Dataset records:

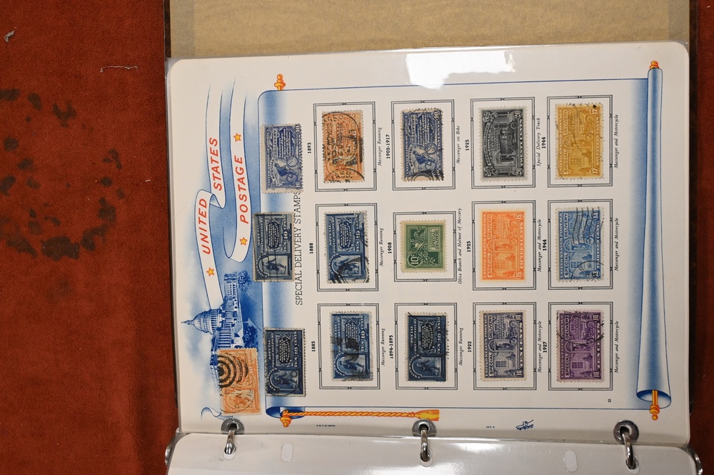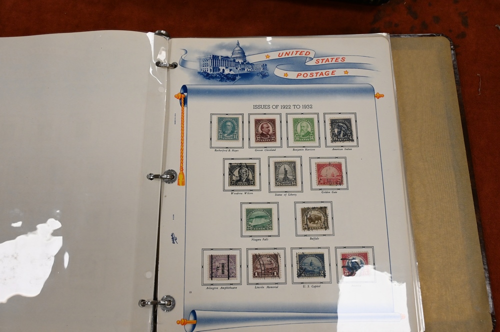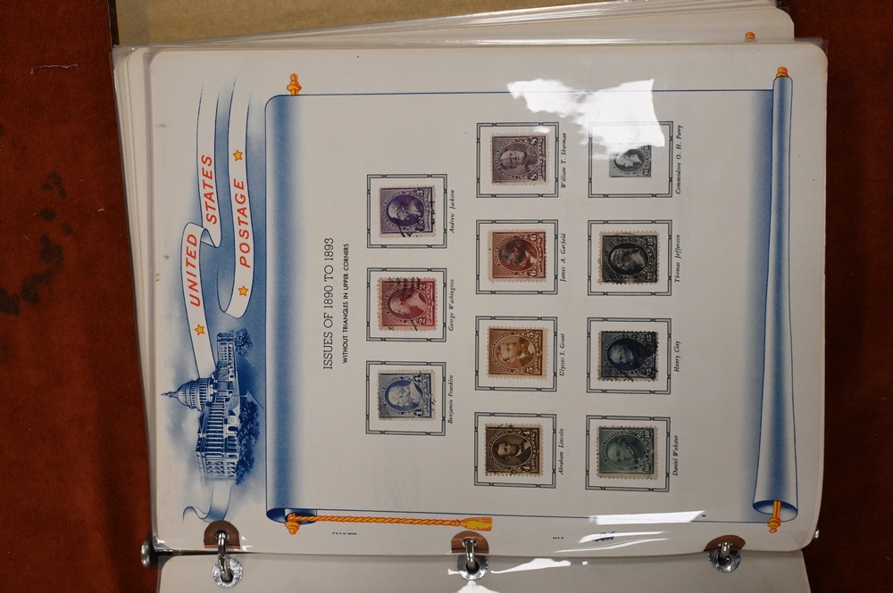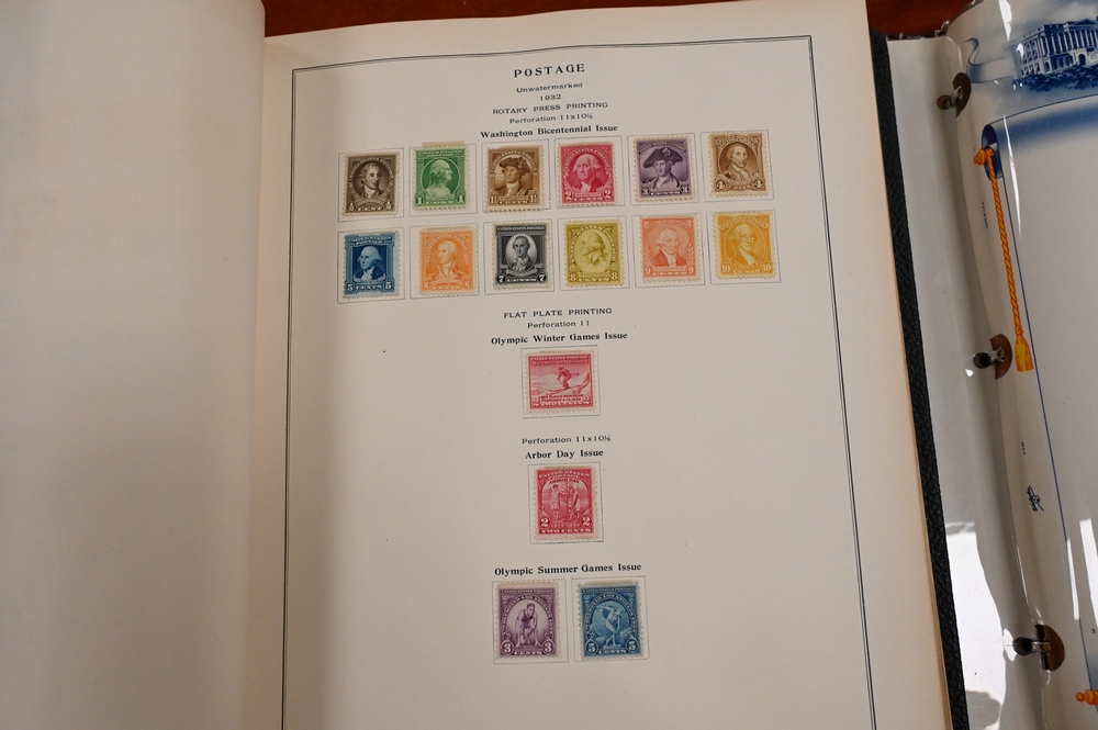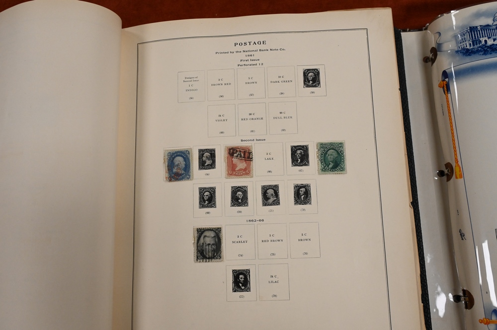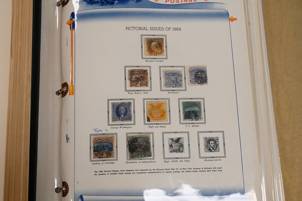 Lot 82: Two Albums of United States Mint and Used Stamps, to include some stamps hinged in the albums, others in mounts, some better items including 504 Great Zeppelin, Columbians, 1 cent through 24 cent of the 1869 series and the Kansas/Nebraska series.
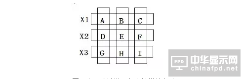實現兩點觸摸,每個工作單元必須彼此獨立,并且觸摸點只能在同一個工作單元中。圖1 給出了電阻式觸摸屏實現多點觸摸的方法:在X1 電極上加上電壓,由Y1,Y2,Y3 電極讀取A、B、C 觸摸單元所檢測到的X 坐標;在以后的各個始終周期依次讀取X2,X3 的坐標。獲得所有觸摸單元的X 坐標后,再依次給Y 電極加上電壓,以獲得各個觸摸單元的Y 坐標,從而實現兩點觸摸。
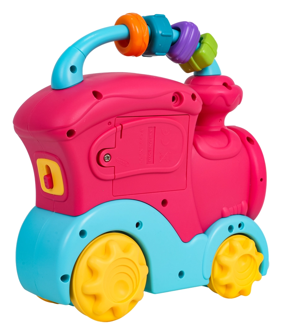 Il giocattolo è progettato per un gioco sicuro dai 12 mesi, ha regolazione del volume a due livelli e grazie ai colori vivaci stimola la percezione visiva. L’impugnatura ergonomica facilita il trasporto e la spinta sul pavimento. Il trenino è alimentato da 3× AA 1,5 V (non incluse).
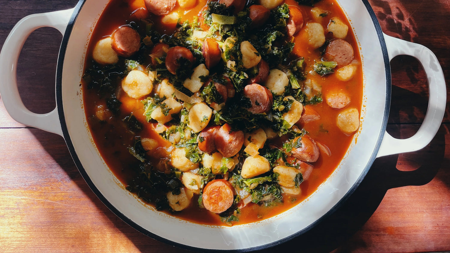 • Boil for 5 minutes before adding the gnocchi and kale, then cook for a further 5 minutes.
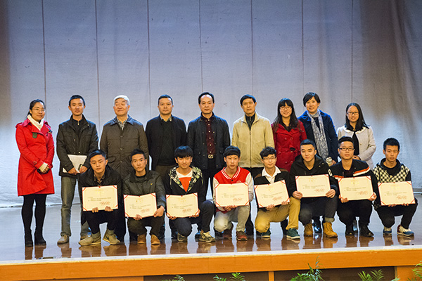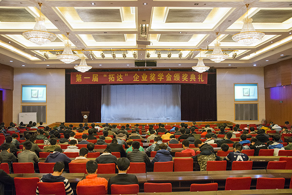 重庆拓达集团有限公司总工程师尹飞云宣读了获奖决定,石泽高、全平2位同学获一等奖学金,喻立、杨锐涵、谭军、张崇浩4位同学获二等奖学金,罗金伟、张启东、苟磊、蔡天5位同学获三等奖学金。

Instructions to follow:
What is needed is an exact transcription of the lines from the one containing "further 5 minutes." through the last line of the records above, both included, with no pictures.

Reply:
 • Boil for 5 minutes before adding the gnocchi and kale, then cook for a further 5 minutes.
 重庆拓达集团有限公司总工程师尹飞云宣读了获奖决定,石泽高、全平2位同学获一等奖学金,喻立、杨锐涵、谭军、张崇浩4位同学获二等奖学金,罗金伟、张启东、苟磊、蔡天5位同学获三等奖学金。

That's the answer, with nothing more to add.